Clinically neonates with a proximal atresia develop bilious emesis within hours, whereas patients with more distal lesions may take longer to begin vomiting. A normal or scaphoidlike abdomen in a neonate with bilious emesis should be considered indicative of a proximal obstruction until proven otherwise. Abdominal distension is more pronounced with distal lesions. Radiography is helpful to confirm the diagnosis. Although a plain radiograph can depict the presence of an obstruction, it is not the best method of showing the location of the abnormality, An upper GI with small-bowel follow-through is indicated in these patients, A barium enema may be used to define a micro colon indicative of a distal small-bowel obstruction; it is also capable of establishing the diagnosis of other causes of lower obstruction, such as Hirschsprung disease or a meconium plug. The contrast enema may also reflux into the small bowel and help define the level of a distal obstruction.
This study included 40 patients with jejenoileal atresias, 25 patients underwent resection of the atretic part and the dilated proximal segment followed by end to end anastomosis, and 15 patients underwent tapering of the proximal dilated segment followed by end to end anastomosis.
The aim of this study is to compare outcomes of resection with end to end anastomosis in comparison with end to end anastomosis after enteroplasty in cases of jejuno-ileal atresia.
Operative time in resection group was 1:20 – 1:50 hour, mean operative time was 92.72 where in tapering group it was 1:40 – 2:30 hour, mean operative time was 127.86 with P value <0.0001, which is a highly significant statistical difference, Blood transfusion was needed in 6 cases of resection group and needed in 10 cases of tapering group with P value 0.008, which is a significant statistical difference.

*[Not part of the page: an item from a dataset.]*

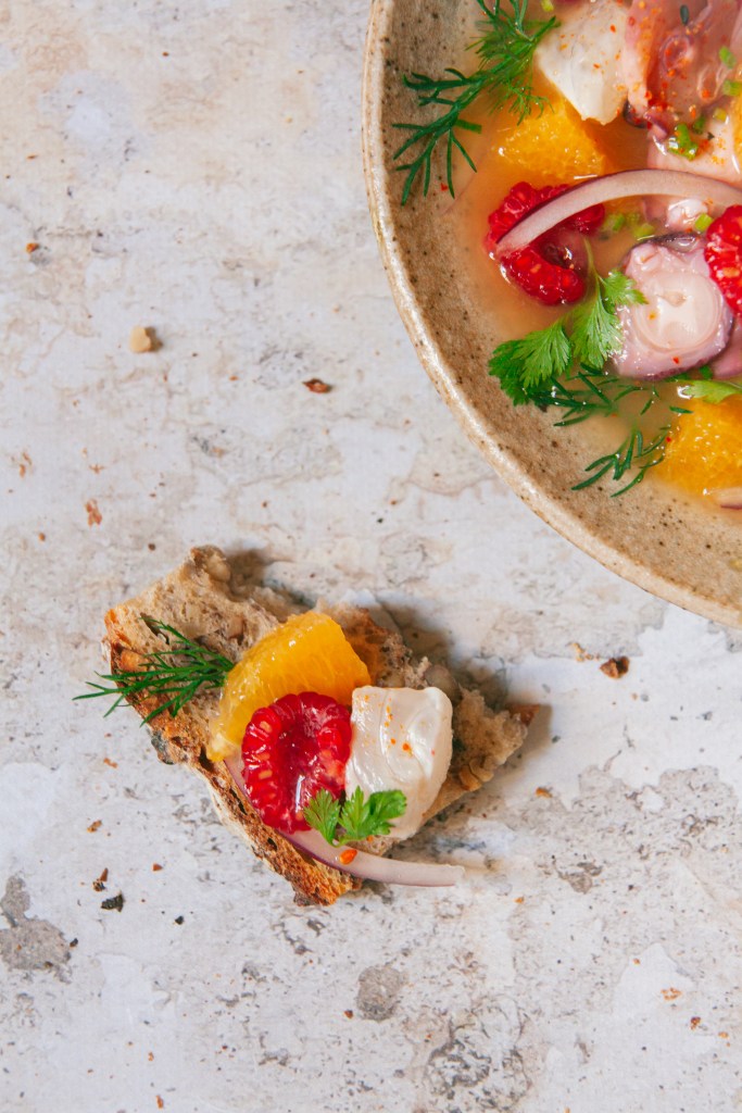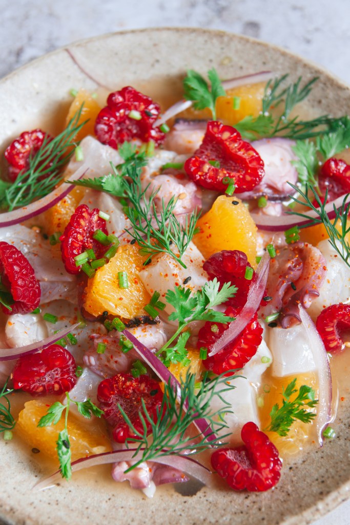 Ceviche là một món ăn khá là phóng khoáng và tuỳ hứng, ngoài nguyên liệu chính và cách xử lý cá tươi như trên, thì mình có thể kết hợp với bất cứ nguyên liệu và loại thảo mộc nào mà mình thích và có sẵn. Hôm nay nhà mình làm cùng với cam và quả mâm xôi, thêm một chút hành tây tím, thì là và rau mùi. Mình cũng thêm cả bạch tuộc để món ăn có thêm độ giòn dai. Món này mình có ăn ở một nhà hàng và sau đấy thì về nhà mình chế thêm với cam và bột ớt shichimi togarashi (bột ớt trộn cùng với một ít vừng rang thơm) để món ăn có thêm tầng hương vị hấp dẫn hơn. Các bạn Peru sẽ thường cho thêm rất nhiều thứ như quả bơ, cà chua, dưa chuột….thái nhỏ, nên bạn hãy tuỳ vào những nguyên liệu mà tủ lạnh nhà bạn đang có và theo khẩu vị của mình để kết hợp ra món cá ceviche của riêng bạn nhé! ^^

Functional problems occurred in 20%of cases in the form of vomiting in 15 % of cases and diarrhea in 5%of cases, post operative leakage occurred in10% of cases 5% in resection group and 5% in tapering group , P value was 0.59. Mortality occurred in 10% of cases, 5% of cases in resection group and 5% of cases in tapering group with P value 0.59.
IN conclusion:
Tapering enteroplasty is a valuable option in treatment of jejenoileal atresia especially in proximal types where resection of the proximal dilated segment is difficult task or when the length of the bowel is decreased, to avoid postoperative functional complications
Statistically it is more time consuming and has increased incidence of blood loss however there is no statistically different incidence of morbidity or mortality between the resection of dilated segment and end to end anastomosis, and end to end anastomosis after tapering enteroplasty procedures.